All of the code from the original article is in your code, there's just some extra stuff around it. This:
0x100000f50: movl $1, -20(%rbp)
0x100000f57: movl $2, -24(%rbp)
0x100000f5e: movl $0, -28(%rbp)
0x100000f65: movl -20(%rbp), %edi
0x100000f68: addl -24(%rbp), %edi
0x100000f6b: movl %edi, -28(%rbp)
Corresponds directly to the 6 instructions talked about in the article.
There are two major differences between your disassembled code and the article's code.
One is that the article is using the Intel assembler syntax, while your disassembled code is using the traditional Unix/AT&T assembler syntax. Some differences between the two are documented on Wikipedia.

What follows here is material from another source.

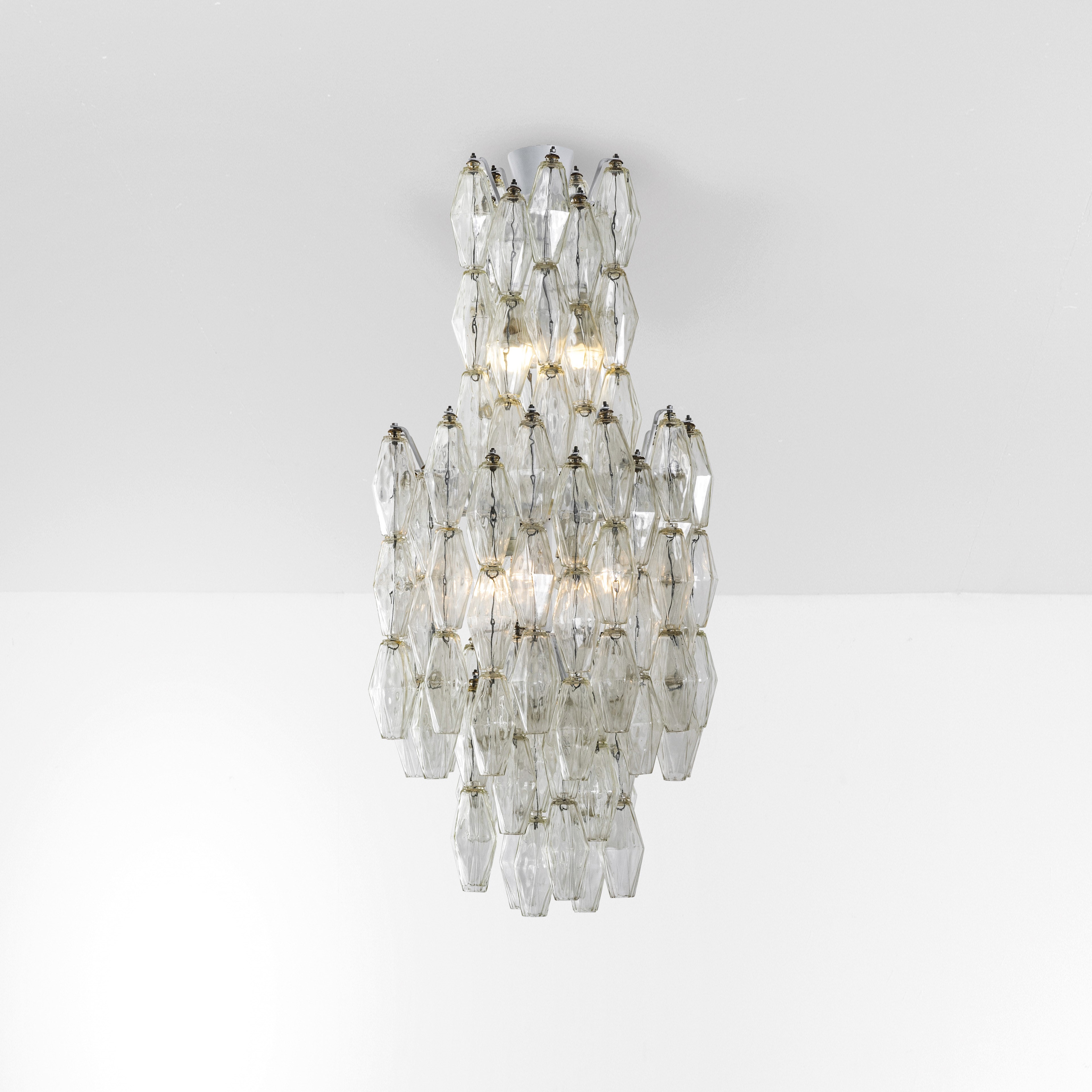 Struttura in metallo laccato. Elementi diffusori in vetro di Murano della serie poliedri.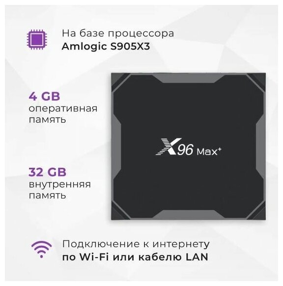 Купить Андроид приставка X96 Max+ 4G+32G BT+WiFi 2,4Ghz, Android 9.0

The other difference is that the article omits the function prologue, which sets up the stack frame, and the function epilogue, which destroys the stack frame and returns to the caller. The program he's disassembling has to contain instructions to do those things, but his disassembler isn't showing them. (Actually the stack frame could and probably would be omitted if the optimizer were enabled, but it's clearly not enabled.)

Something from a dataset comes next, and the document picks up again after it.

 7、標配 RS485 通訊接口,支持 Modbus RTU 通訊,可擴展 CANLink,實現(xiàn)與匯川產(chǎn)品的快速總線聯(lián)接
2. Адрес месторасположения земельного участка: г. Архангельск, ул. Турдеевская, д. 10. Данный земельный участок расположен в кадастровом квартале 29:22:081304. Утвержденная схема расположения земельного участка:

There are also some minor differences: your code is using a slightly different layout for local variables, and your code is computing the sum in a different register.
On the Mac, g++ doesn't support emitting Intel mnemonics, but clang does:
:; clang -S -mllvm --x86-asm-syntax=intel t.c
:; cat t.s
.section __TEXT,__text,regular,pure_instructions
.globl _main
.align 4, 0x90
_main: ## #main
.cfi_startproc
## BB#0:
push RBP
Ltmp2:
.cfi_def_cfa_offset 16
Ltmp3:
.cfi_offset rbp, -16
mov RBP, RSP
Ltmp4:
.cfi_def_cfa_register rbp
mov EAX, 0
mov DWORD PTR [RBP - 4], EDI
mov QWORD PTR [RBP - 16], RSI
mov DWORD PTR [RBP - 20], 1
mov DWORD PTR [RBP - 24], 2
mov DWORD PTR [RBP - 28], 0
mov EDI, DWORD PTR [RBP - 20]
add EDI, DWORD PTR [RBP - 24]
mov DWORD PTR [RBP - 28], EDI
pop RBP
ret
.cfi_endproc
.subsections_via_symbols
If you add the -g flag, the compiler will add debug information including source filenames and line numbers. It's too big to put here in its entirety, but this is the relevant part:
.loc 1 4 14 prologue_end ## t.c:4:14
Ltmp5:
mov DWORD PTR [RBP - 20], 1
.loc 1 5 14 ## t.c:5:14
mov DWORD PTR [RBP - 24], 2
.loc 1 6 14 ## t.c:6:14
mov DWORD PTR [RBP - 28], 0
.loc 1 8 5 ## t.c:8:5
mov EDI, DWORD PTR [RBP - 20]
add EDI, DWORD PTR [RBP - 24]
mov DWORD PTR [RBP - 28], EDI
First of all, the assembler listed as "from original article" is using "Intel" syntax, where the "disassembled output" in your post is "AT&T syntax". This explains the order of arguments to instructions being "back to front" [let's not argue about which is right or wrong, ok?], and register names are prefixed by a %, constants prefixed by $. There is also a difference in how memory locations/offsets to registers are referenced - dword ptr [reg+offs] in Intel assembler translates to l as a suffix on the instruction, and offs(%reg).
The 32-bit vs. 64-bit renames some of the registers - %rbp is the same as ebp in the article code.
The actual offsets (e.g -20) are different partly because the registers are bigger in 64-bit, but also because you have argc and argv as part of your function arguments, which is stored as part of the start of the function - I have a feeling the original article is actually disassembling a different function than main.